Дин созвонился с Бенетти и после долгого разговора выяснил, что дом, принадлежащий дочери комиссара полиции Умберто Чинетти, убитого два года назад в Милане, в настоящее время на охрану не поставлен, что косвенно подтверждает догадку о том, что на вилле находились люди. После этого он прошелся с Ланой по вечерним магазинам, купил себе спортивный костюм и легкие кеды, 20 метров туристической веревки, плавательную шапочку, вратарские перчатки и две отбивные. Придя в номер, он тщательно побрился, сложил все купленное в легкую дорожную сумку и вышел на улицу по внутреннему ходу через бассейн. На улице его ждал Виктор Геннадьевич. Вместе они спустились к каналу, где на небольшом катере их встречал Юрий Петрович. Дин сообщил, куда им надо подъехать. И катер медленно стал рассекать водную гладь ночного венецианского «проспекта». Путешествие оказалось недолгим. Минут через 30 они оказались в районе небольших вилл.
– Нашли? – Дин вопросительно посмотрел на Юрия Петровича. Пожилой разведчик медленно достал из кармана ампулу и передал ее Дину. Тот в свою очередь извлек из сумки завернутые в целлофан отбивные, разложил их на импровизированном столике на корме, взял протянутый все тем же Юрием Петровичем одноразовый шприц, заполнил его содержимым ампулы и начинил полученной смесью отборные куски говядины.
– Если я в течение 30 минут не вернусь, позвоните по этому телефону. Это Луиджи Бенетти. Он будет знать, что делать. – После этого Дин быстро переоделся в спортивный костюм, натянул на голову, под недоуменный взгляд Виктора Геннадьевича, плавательную шапочку, забросил за плечо моток веревки и, прихватив вратарские перчатки, стремительно покинул лодку.
Виктор Геннадьевич Охотин не был профессиональным разведчиком.
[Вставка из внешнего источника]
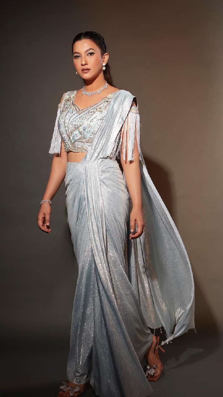 यदि आपको पेस्टल कलर पहनना का शौक है। तो गौहर का ग्रे सेक्विन फुल वर्क लहंगा आपको एकदम रॉयल लुक देगा। इसके साथ डार्क मेकअप बेस्ट रहेगा।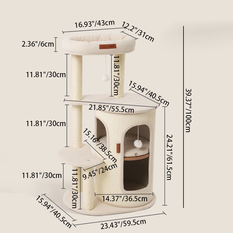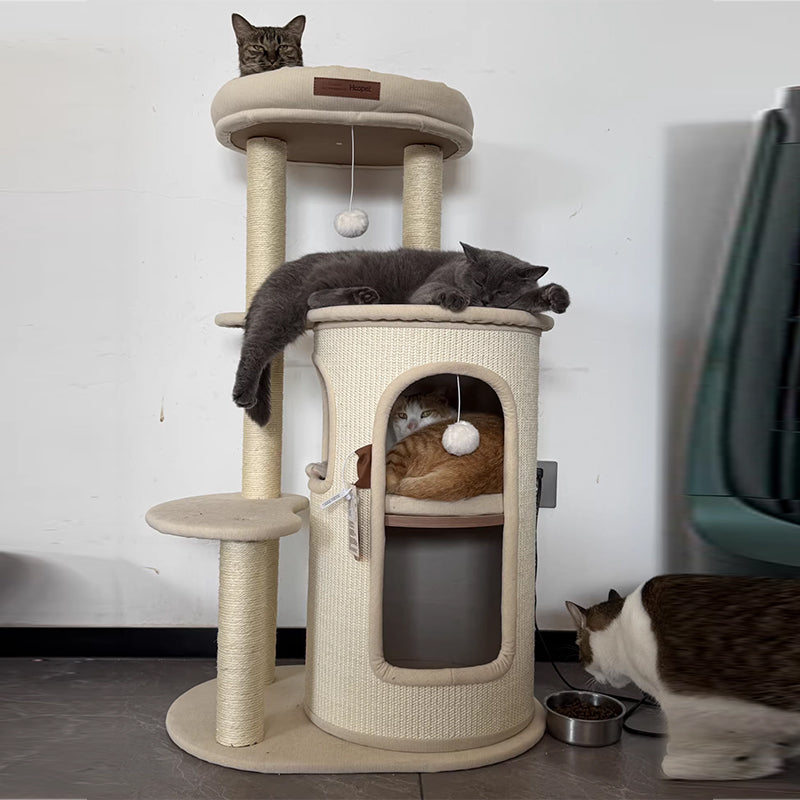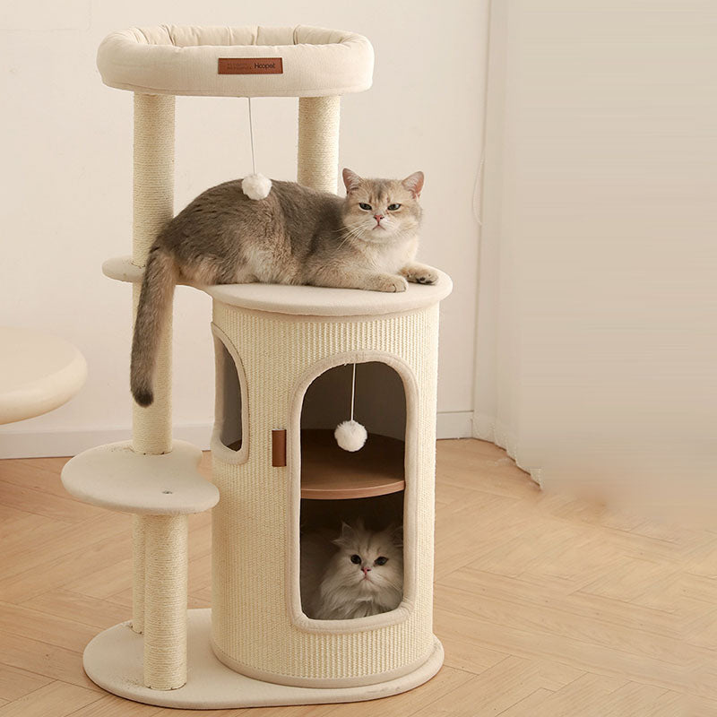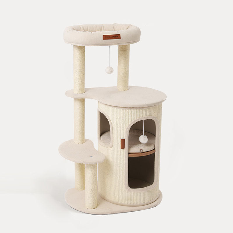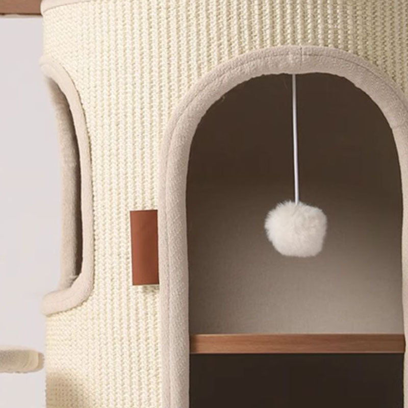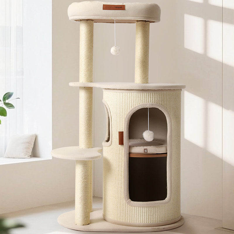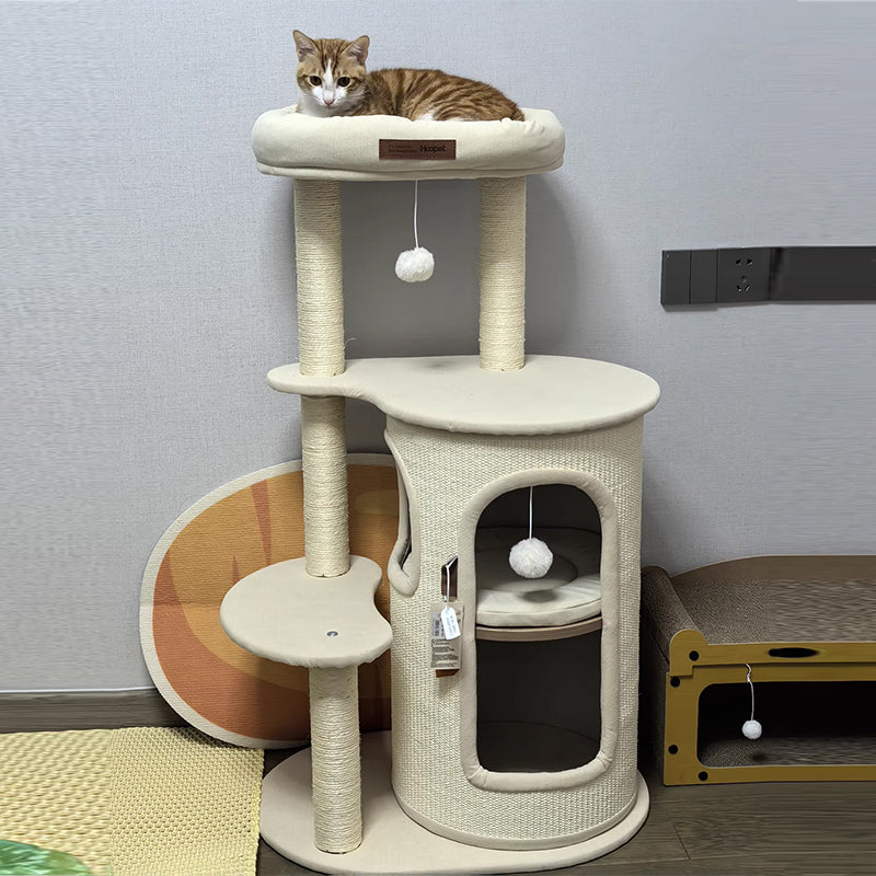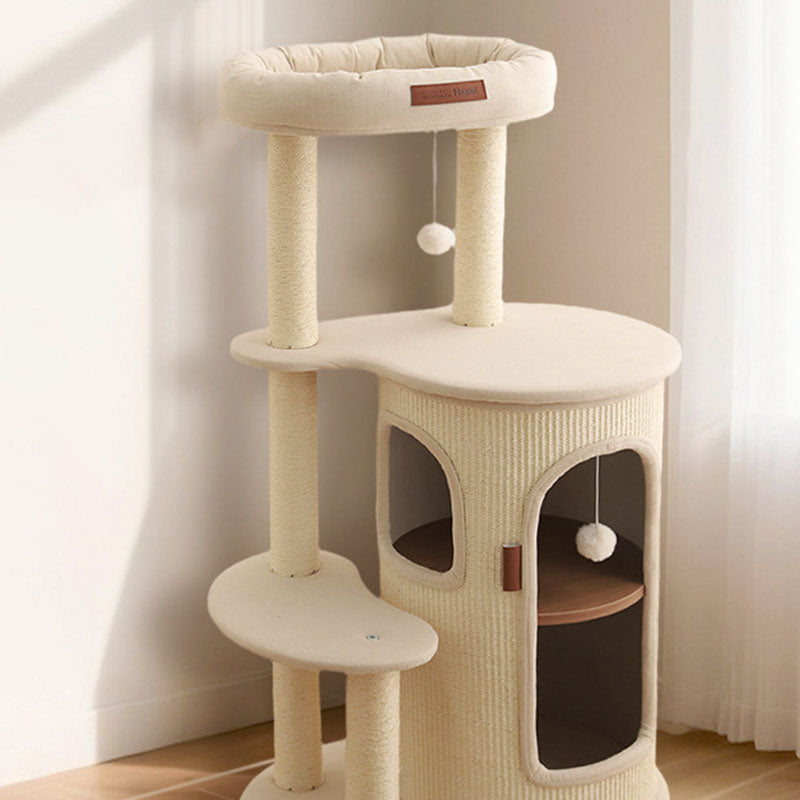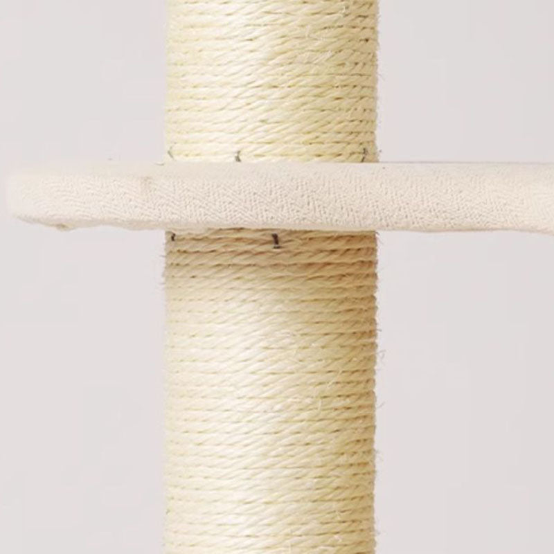 Elevate your small-space feline haven with this 5-tier tree-shaped cat tree, blending contemporary Bohemian style with natural sisal wrapping, plywood structure, and cotton-linen fabric upholstery. Filled with soft PP cotton and featuring paper tube details, the off-white design fits seamlessly in living rooms, bedrooms, or balconies, offering a durable climbing, scratching, and resting spot for your cat.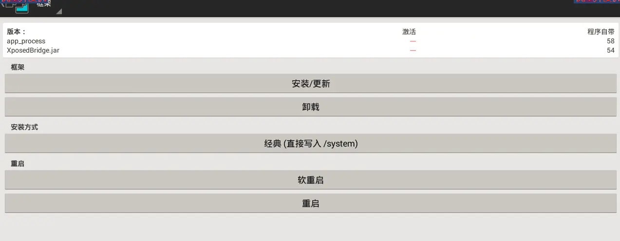 注意,图6右上角的“程序自带”两个版本号,分别是app_process版本号为58,XposedBridge.jar版本号是54.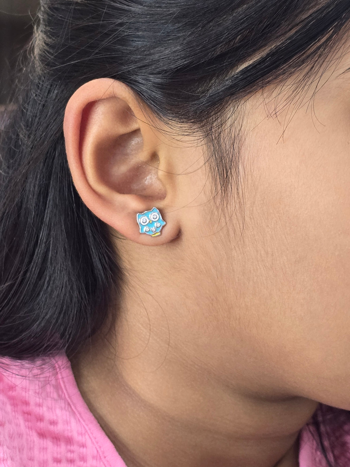 Silver Enamel Cute Owl Kids Earrings - Blue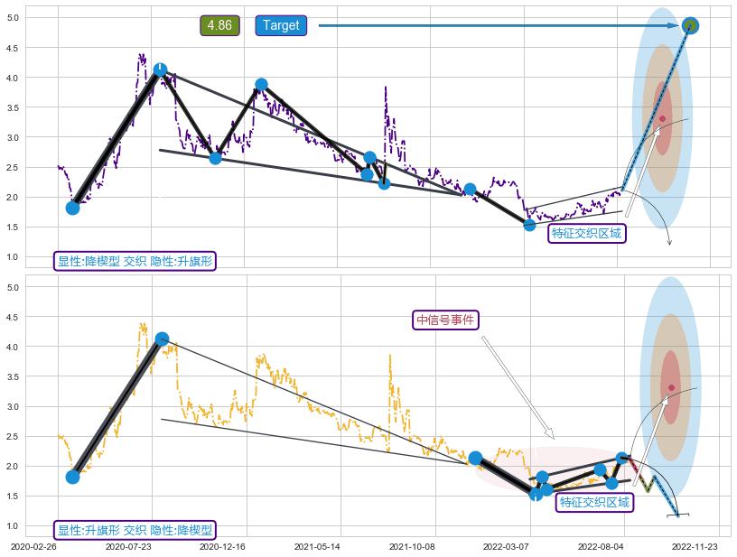 ➣ 看跌(高位倒锤头)流星线 + 降楔型临近target阻力拐点下跌信号叠加后【目标达成率】低,【看空】信号叠加【存续影响大】

В прошлом спортсмен и удачливый бизнесмен, он обладал крепким умом, сильной волей, диким упрямством и хитростью. Добившись материального благополучия в капиталистической России времен Ельцина-Путина, он затем осел на Лазурном Берегу, обзавелся там недвижимостью, знакомствами и связями, получил возможность беспрепятственно передвигаться по Европе.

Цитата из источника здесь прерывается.